_Assignment_: Below are some records. Return exactly their lines from the one containing "Potiy bonito redondo" through the one containing "The Spring Rail", and drop the pictures.

_Provided entries_:
========================================================================
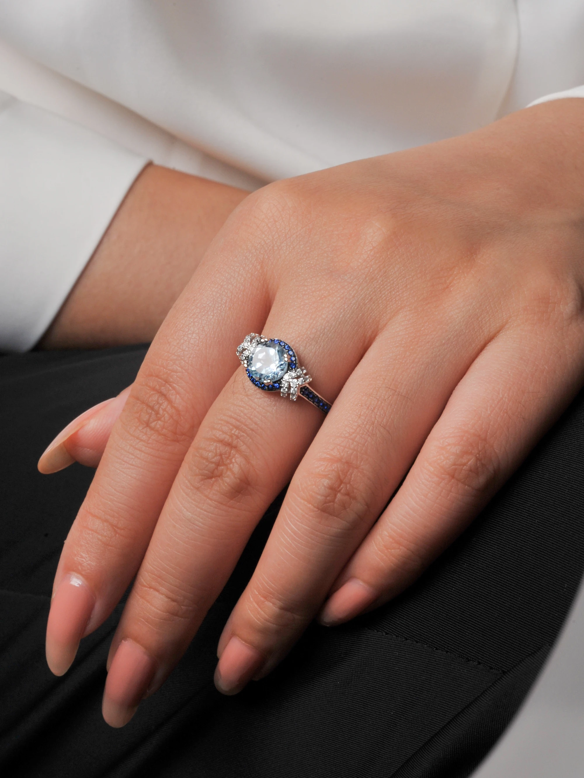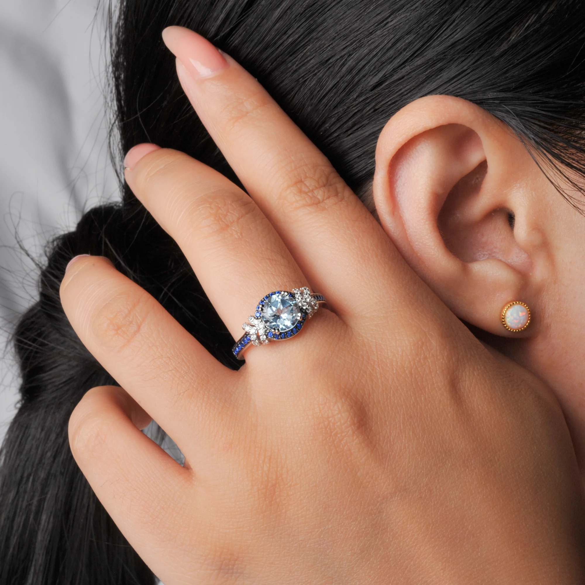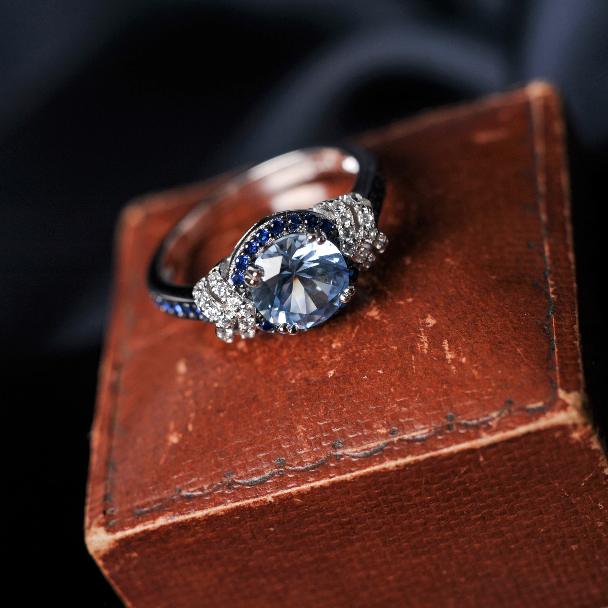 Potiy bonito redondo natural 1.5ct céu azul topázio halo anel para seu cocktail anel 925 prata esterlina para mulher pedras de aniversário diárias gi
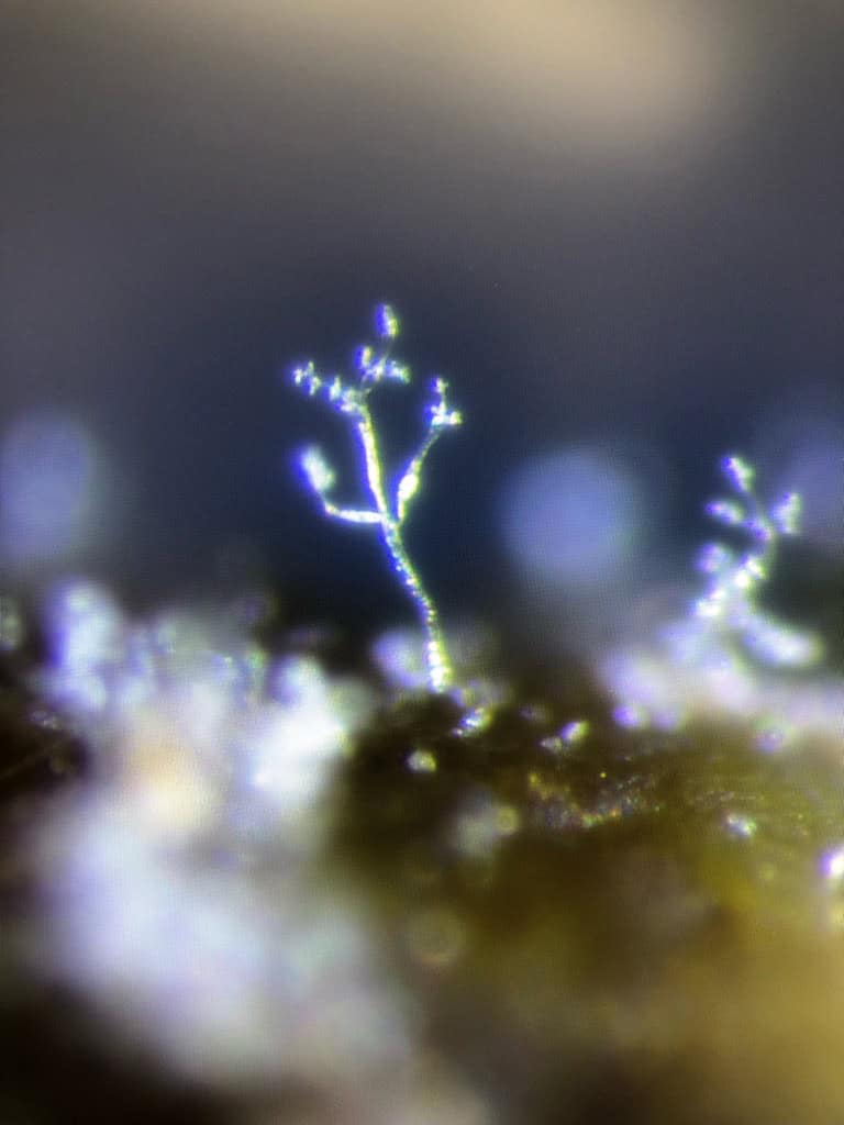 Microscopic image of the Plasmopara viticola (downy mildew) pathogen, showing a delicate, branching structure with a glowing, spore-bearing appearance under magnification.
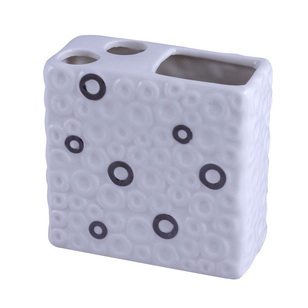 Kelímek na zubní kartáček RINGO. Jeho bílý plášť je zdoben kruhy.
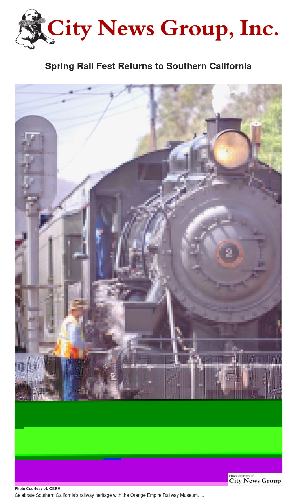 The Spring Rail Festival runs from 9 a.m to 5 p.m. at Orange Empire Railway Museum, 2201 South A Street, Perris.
========================================================================
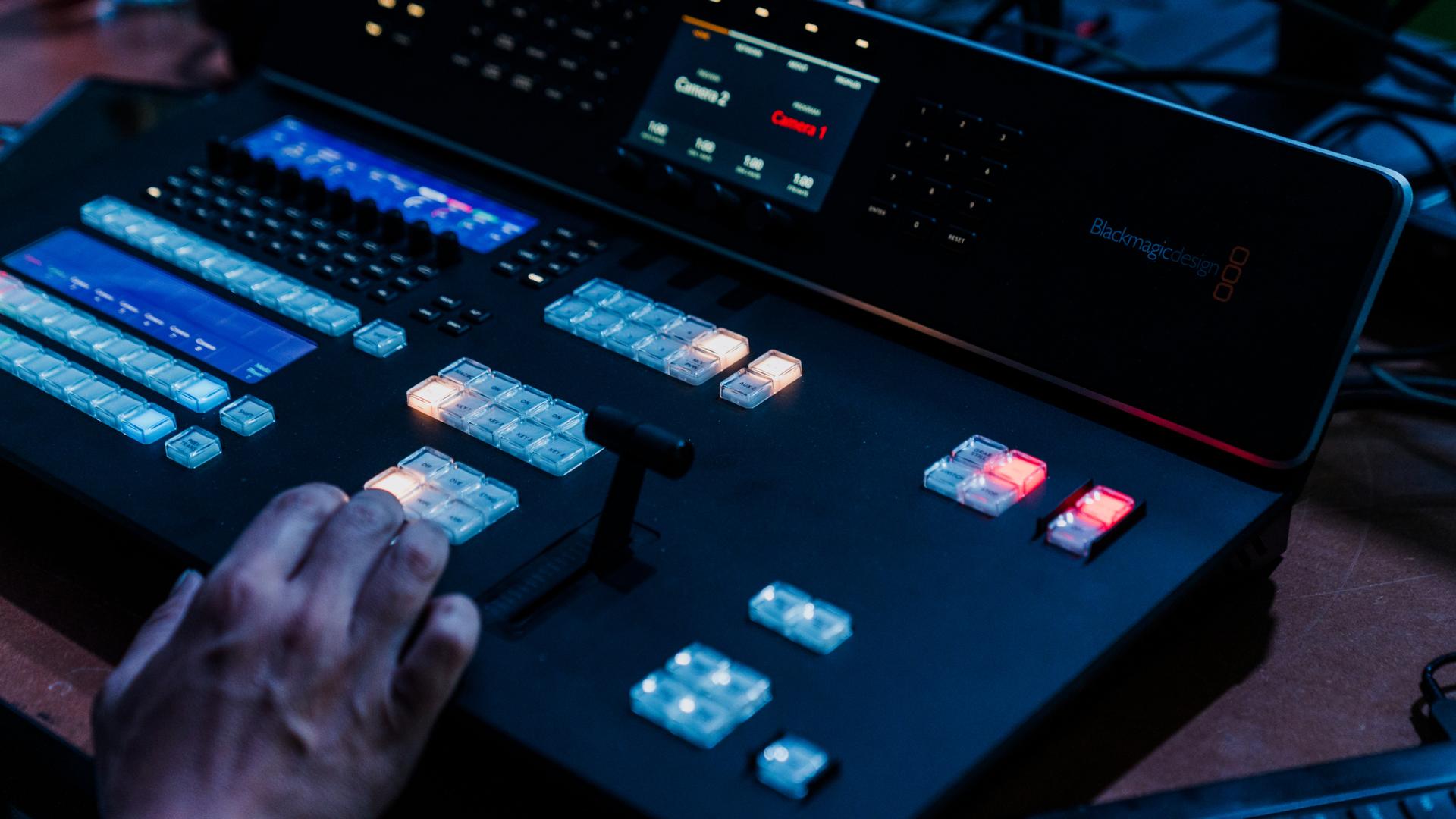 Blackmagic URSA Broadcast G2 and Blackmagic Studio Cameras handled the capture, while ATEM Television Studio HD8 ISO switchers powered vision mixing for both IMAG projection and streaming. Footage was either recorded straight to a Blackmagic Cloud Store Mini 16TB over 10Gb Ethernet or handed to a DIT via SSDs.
========================================================================
_Exercise output_:
 Potiy bonito redondo natural 1.5ct céu azul topázio halo anel para seu cocktail anel 925 prata esterlina para mulher pedras de aniversário diárias gi
 Microscopic image of the Plasmopara viticola (downy mildew) pathogen, showing a delicate, branching structure with a glowing, spore-bearing appearance under magnification.
 Kelímek na zubní kartáček RINGO. Jeho bílý plášť je zdoben kruhy.
 The Spring Rail Festival runs from 9 a.m to 5 p.m. at Orange Empire Railway Museum, 2201 South A Street, Perris.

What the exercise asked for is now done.